▶ What is needed
Exactly the lines below starting at the line with "Собирая материалы о" and ending at the line with "Оцениваем ключевые факторы" are wanted, with both ends included. Leave out the pictures and add no other lines.

▶ Provided data
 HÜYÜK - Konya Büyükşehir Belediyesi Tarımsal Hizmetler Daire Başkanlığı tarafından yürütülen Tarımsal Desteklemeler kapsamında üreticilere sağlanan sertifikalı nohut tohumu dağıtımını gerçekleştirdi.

---

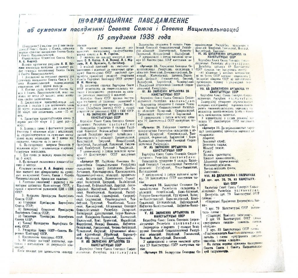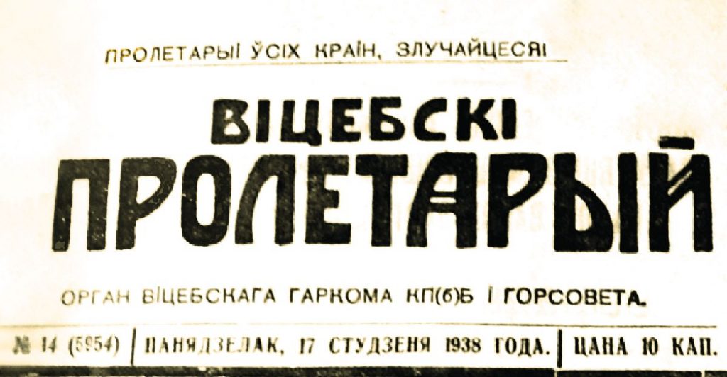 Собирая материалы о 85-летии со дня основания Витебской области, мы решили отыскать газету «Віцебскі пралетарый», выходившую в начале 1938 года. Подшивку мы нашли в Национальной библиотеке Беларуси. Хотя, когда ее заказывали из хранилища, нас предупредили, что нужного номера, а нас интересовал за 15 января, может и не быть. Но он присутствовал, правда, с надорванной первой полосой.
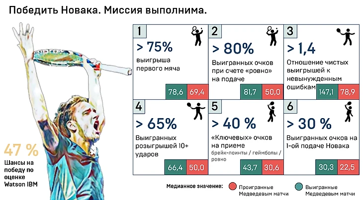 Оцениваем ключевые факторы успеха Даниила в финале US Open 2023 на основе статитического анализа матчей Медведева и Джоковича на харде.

▶ Exercise result
 Собирая материалы о 85-летии со дня основания Витебской области, мы решили отыскать газету «Віцебскі пралетарый», выходившую в начале 1938 года. Подшивку мы нашли в Национальной библиотеке Беларуси. Хотя, когда ее заказывали из хранилища, нас предупредили, что нужного номера, а нас интересовал за 15 января, может и не быть. Но он присутствовал, правда, с надорванной первой полосой.
 Оцениваем ключевые факторы успеха Даниила в финале US Open 2023 на основе статитического анализа матчей Медведева и Джоковича на харде.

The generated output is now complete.